─── DATA BLOCK
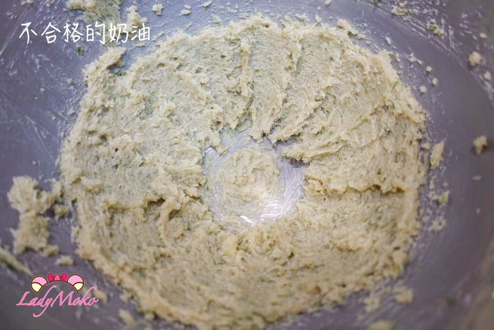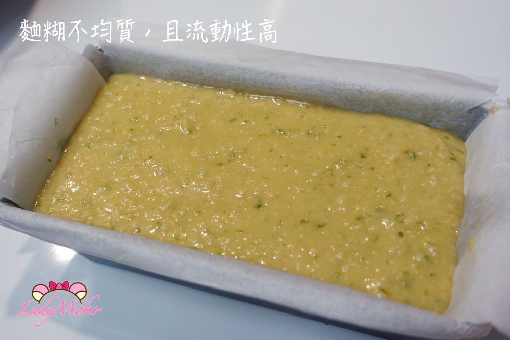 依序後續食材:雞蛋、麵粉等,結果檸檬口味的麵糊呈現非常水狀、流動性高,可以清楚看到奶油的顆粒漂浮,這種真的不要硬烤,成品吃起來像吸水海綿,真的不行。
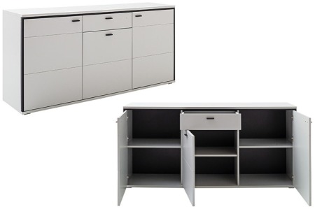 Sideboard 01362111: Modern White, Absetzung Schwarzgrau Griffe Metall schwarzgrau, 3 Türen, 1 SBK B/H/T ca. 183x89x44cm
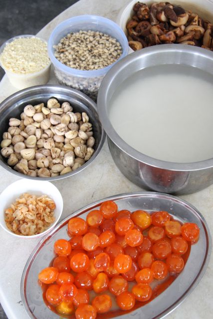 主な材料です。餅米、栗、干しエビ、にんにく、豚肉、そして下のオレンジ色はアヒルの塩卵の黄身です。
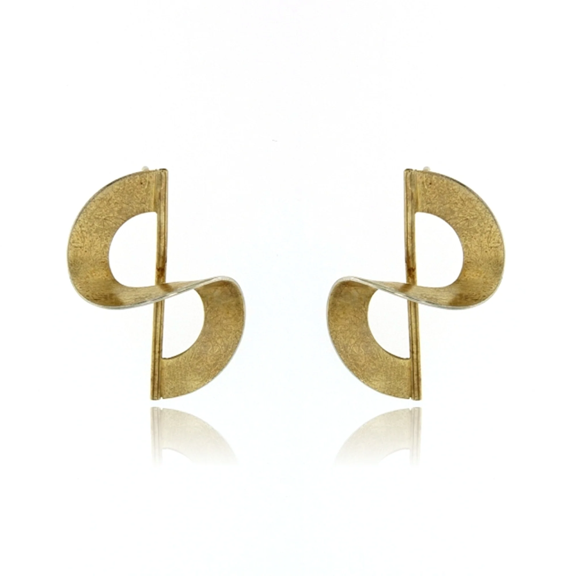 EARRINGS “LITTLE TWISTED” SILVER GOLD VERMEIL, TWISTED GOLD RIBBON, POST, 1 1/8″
──────
EXERCISE ▸ The whole listing above is to be repeated exactly, apart from its pictures.

EXERCISE SOLUTION ▸
 依序後續食材:雞蛋、麵粉等,結果檸檬口味的麵糊呈現非常水狀、流動性高,可以清楚看到奶油的顆粒漂浮,這種真的不要硬烤,成品吃起來像吸水海綿,真的不行。
 Sideboard 01362111: Modern White, Absetzung Schwarzgrau Griffe Metall schwarzgrau, 3 Türen, 1 SBK B/H/T ca. 183x89x44cm
 主な材料です。餅米、栗、干しエビ、にんにく、豚肉、そして下のオレンジ色はアヒルの塩卵の黄身です。
 EARRINGS “LITTLE TWISTED” SILVER GOLD VERMEIL, TWISTED GOLD RIBBON, POST, 1 1/8″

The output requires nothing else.